Taiwan and China envoys discuss 'cross-strait peace'

Taiwan and China envoys discuss 'cross-strait peace'
Zhang Zhijun (L), director of China's Taiwan Affairs Office, shakes hands with Taiwan's Mainland Affairs Council chairman Andrew Hsia in Kinmen, Taiwan's offshore island, May 23, 2015.

TAIPEI, Taiwan - The meeting between Taiwan's Mainland Affairs Council head Andrew Hsia and the head of China's Taiwan Affairs Office Zhang Zhi-jun came to a close yesterday, with Zhang emphasizing the importance of "peaceful cross-strait development.""Do not fail to notice the street lamp before it has gone out. Do not realise the value of peace until you lose it," were Zhang's parting words after mentioning that both governments have gained much from the seven-years of co-operation, and also further concluding three other "resolutions" from his trip to Kinmen.

The three resolutions include "a peaceful and stable Taiwan Strait," "to enrich people on both shores' well-being," and "to continue down the road of peaceful development," Zhang said, and hoped a second Hsia-Zhang meeting could be possible in the future.
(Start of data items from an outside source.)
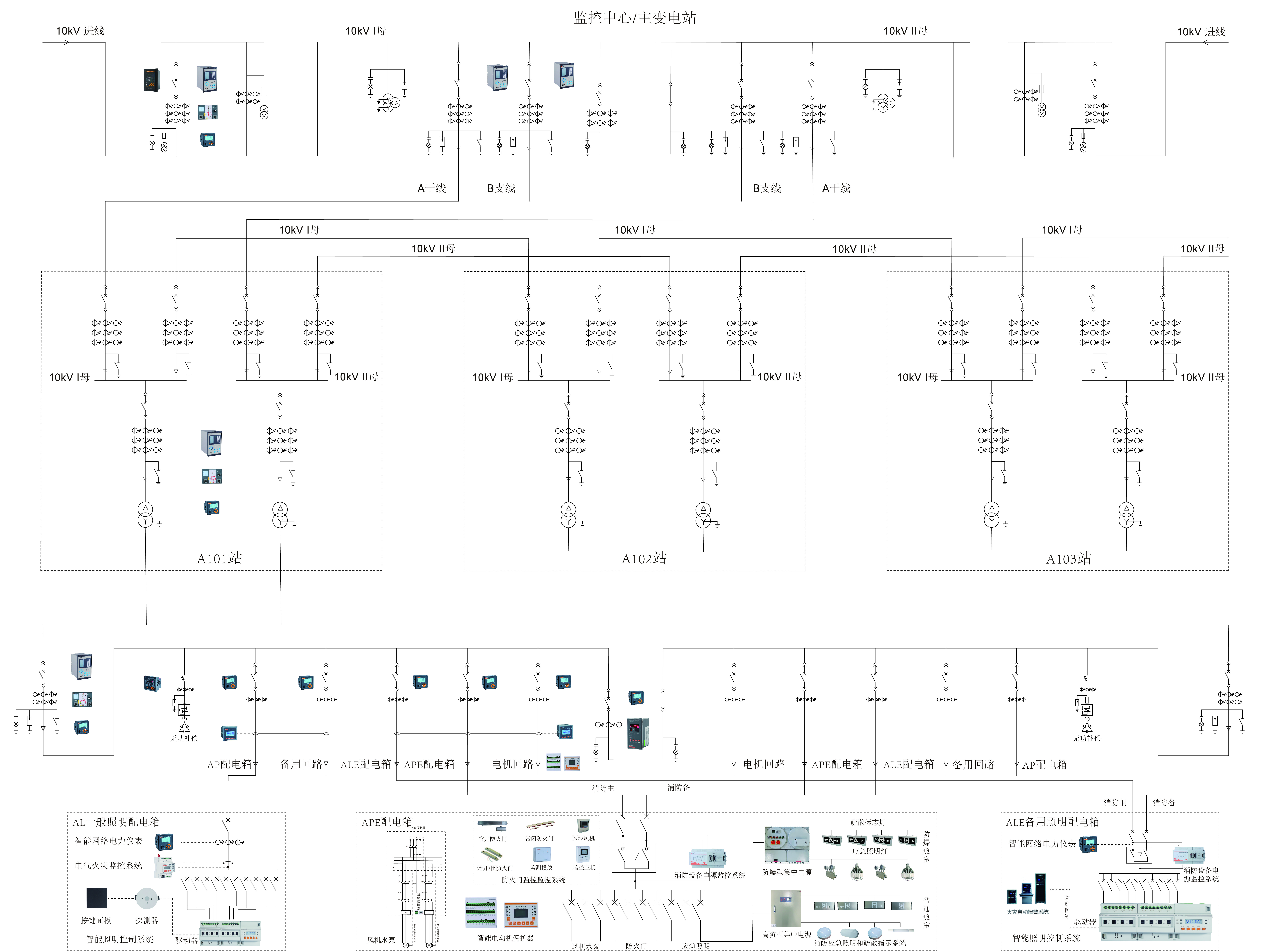 电力监控系统主要针对管廊变电站、开闭所和10/0.4kV配电房,对电源进线配置电能质量监测装置实时监测进线电能质量,包括电压闪变、跌落、电压合格率等数据生成电能质量分析报告。高压回路配置微机保护装置进行保护和监控,对配电房0.4kV出线配置多功能计量仪表,用于测控出线回路电气参数和用能情况。同时对变电站(所)内重要设备如柴油发电机、无功补偿装置、有源滤波装置、状态进行监测。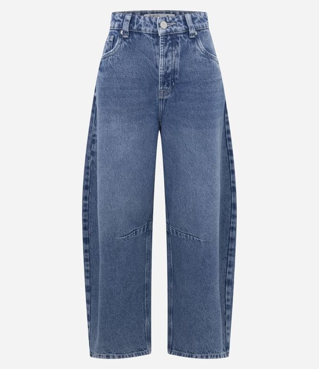 Calça Barrel em Denim com Cintura média e Five Pockets Estruturados Azul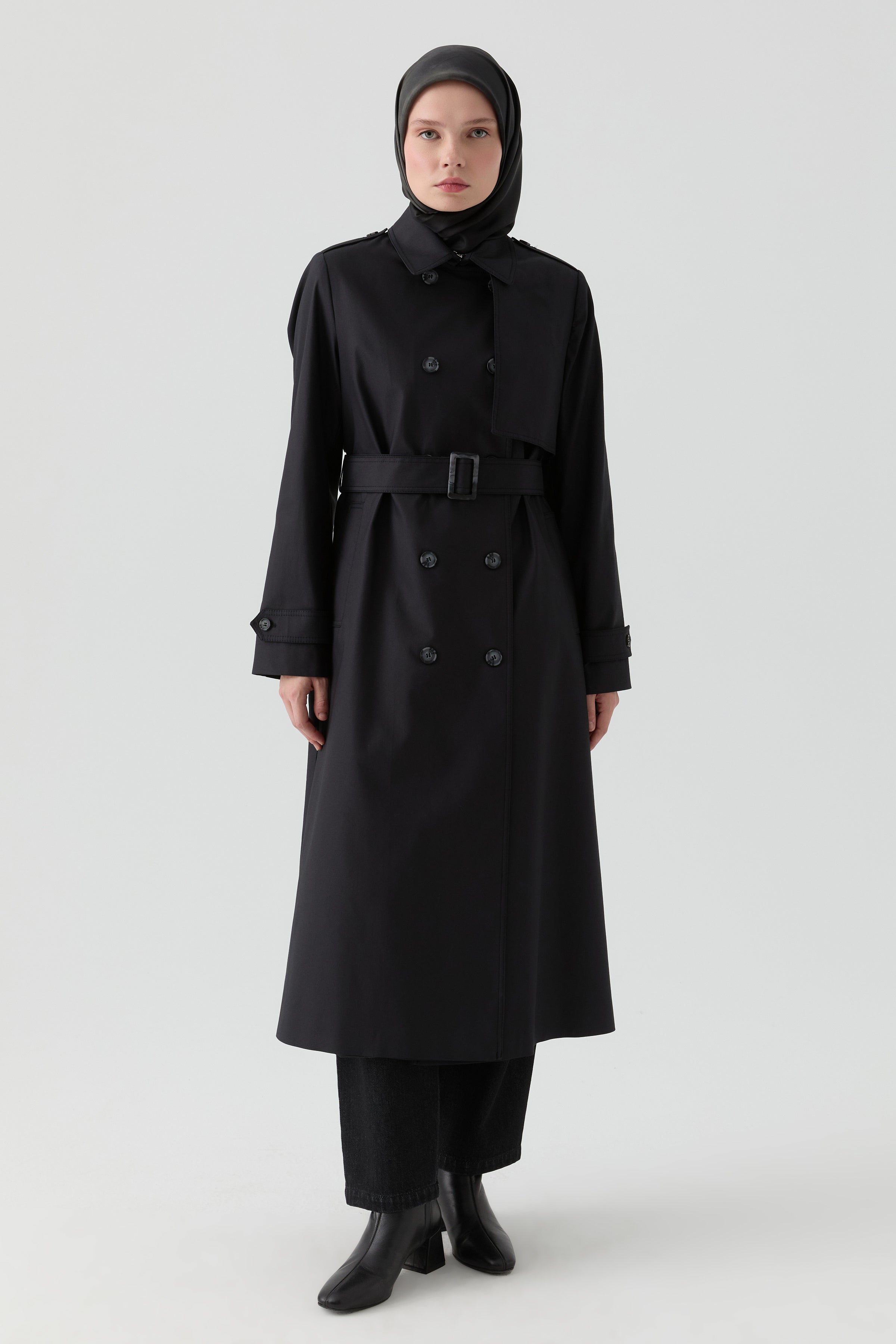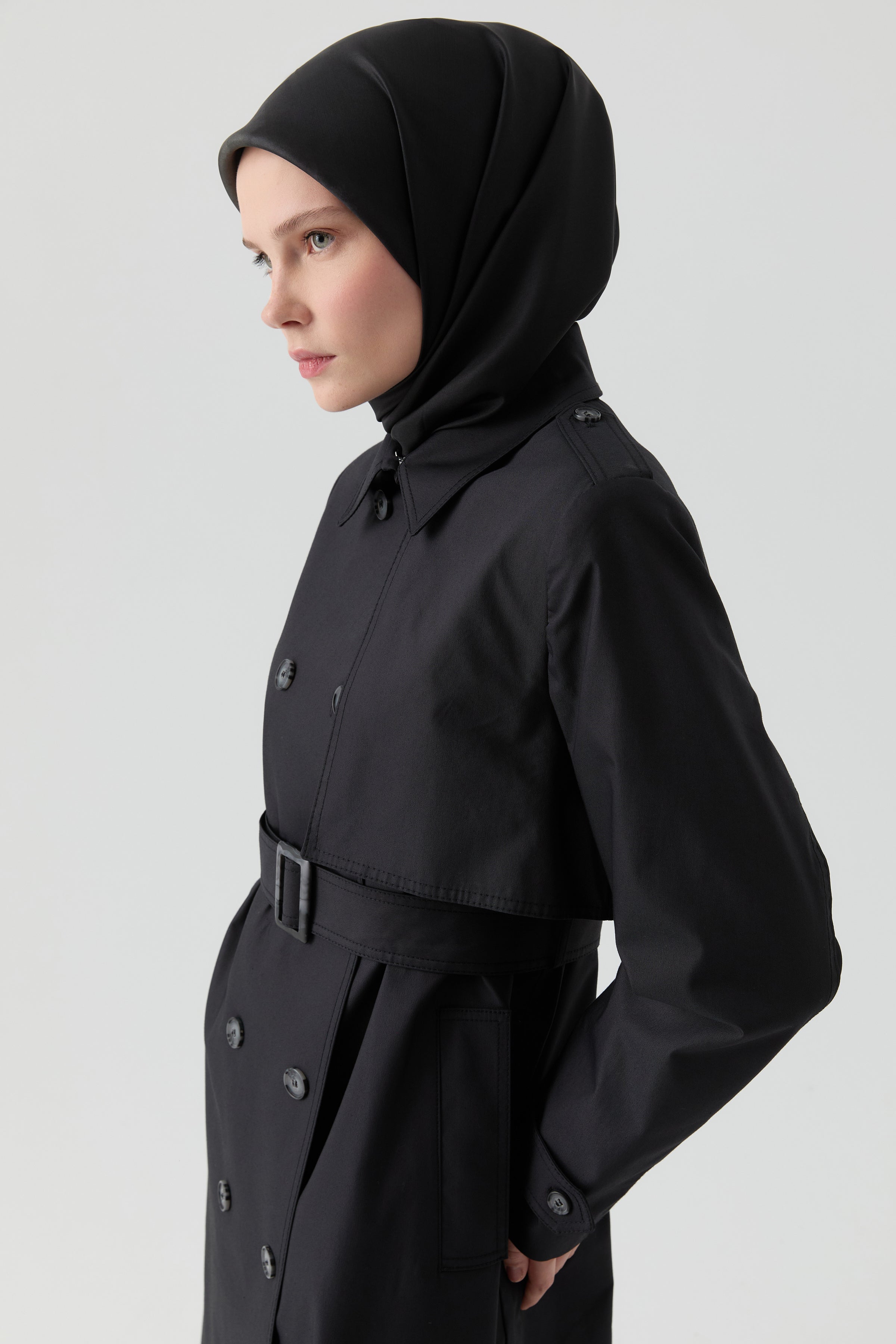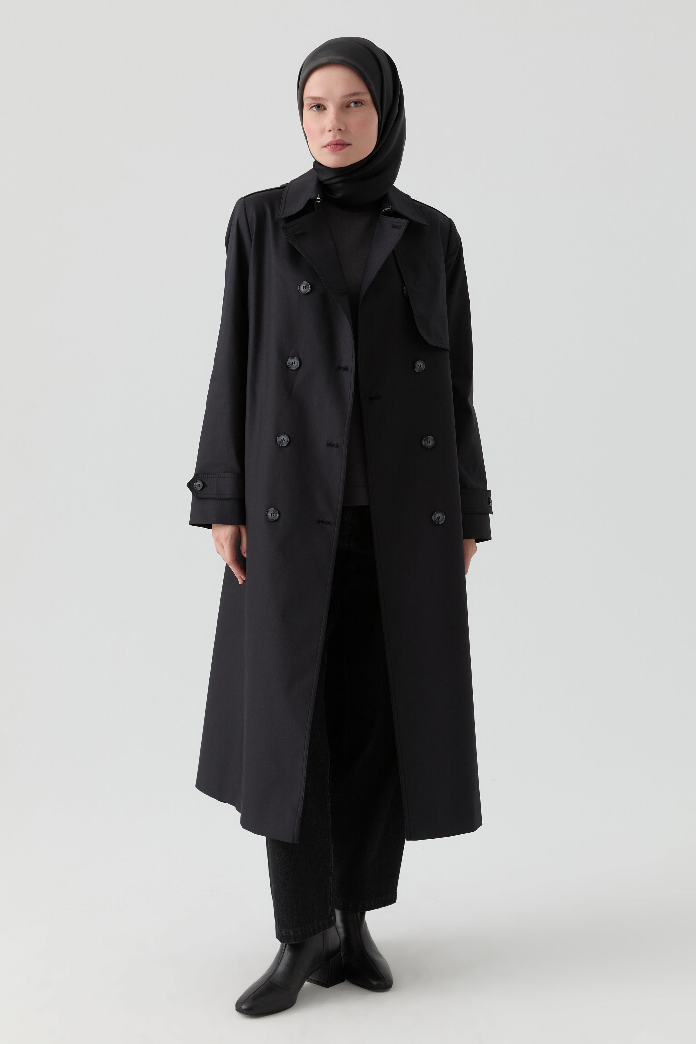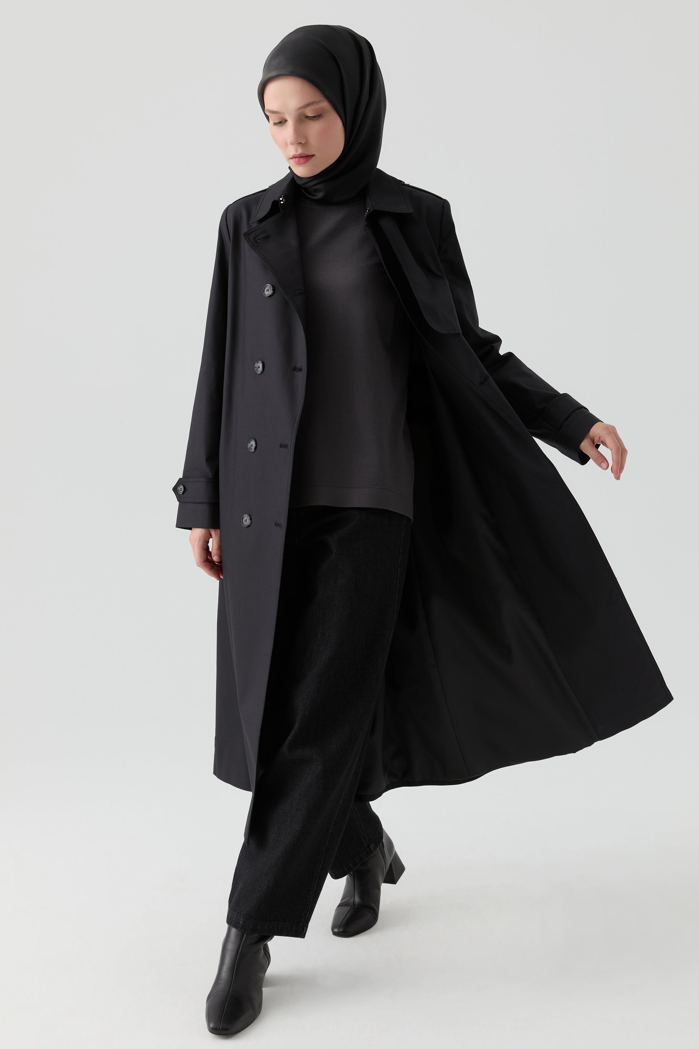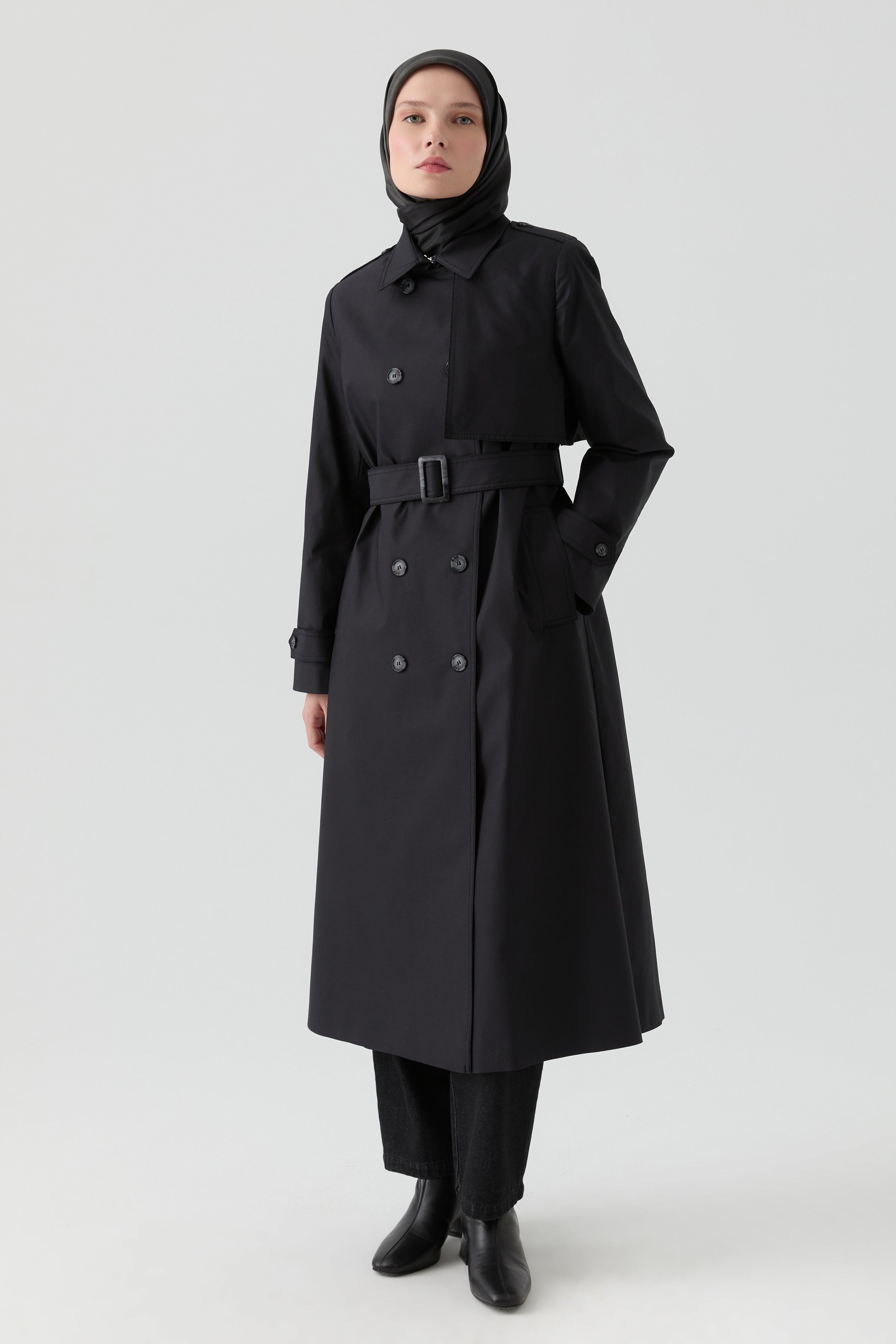 Trench Coat with Windbreaker Detail - Black

Mainland Affairs Council Deputy Minister Steve Lin also pointed out that the meeting had an important meaning, as it saw discussions of important issues such as a continual cross-strait exchange, Taiwan's future participation in the Asian Infrastructure Investment Bank (AIIB) and the reciprocal establishment of cross-strait representative offices and travel hubs for Chinese tourists in Taiwan. The deputy minister hoped the issues discussed will bear fruit soon.

Lin also said that the Kinmen-Fujian water pipeline, environmental concerns about garbage on the Kinmen's shores, and the "Little Three Links" were also Kinmen-related issues discussed during the meeting.

Knives of Peace

Kitchen knives being made in Kinmen from old artillery shell casings symbolize that the two sides of the Taiwan Strait have buried the hatchet and are working for peace, the Chinese official said.

Zhang also said he hoped the two sides can maintain peace while visiting the steel knife factory that makes knives from the shells fired by China at Kinmen between 1958 and 1978.

During the 1958 Taiwan Strait Crisis, the People's Liberation Army fired around 450,000 shells at the Kinmen Islands located just kilometers off China's coast to try to retake them from the Republic of China (Taiwan).

More recently, Kinmen has become famous for its production of cleavers made from the PLA shells.

Go back home, TSU: Kinmen

Kinmen Council members protested yesterday in response to the brawl that occurred before Zhang's arrival at Kinmen's Shuitou Harbor, caused by youth wing members of the Taiwan Solidarity Union (TSU) who hurled smoke grenades and clashed with pro-unification supporters.

Hung Li-ping along with other council members had arrived at the Treasure Island Resort Hotel , where the meeting was held, to stage protests against the TSU's violent actions.

The council members condemned the violent methods, saying that the Hsia-Zhang meeting was held to discuss the improvement of Kinmen's livelihood, and chanted "Kinmen needs livelihood; we condemn violence" and "Go back home, TSU."

The Kinmen County Police Department also reported arresting three TSU youth protesters who hurled grenades, and one civilian who attacked the protesters. The police finished their inquiries and the recording of statements last night.

The department also denied being biased in its management of the case and said it will maintain a legal, neutral stance throughout the investigation.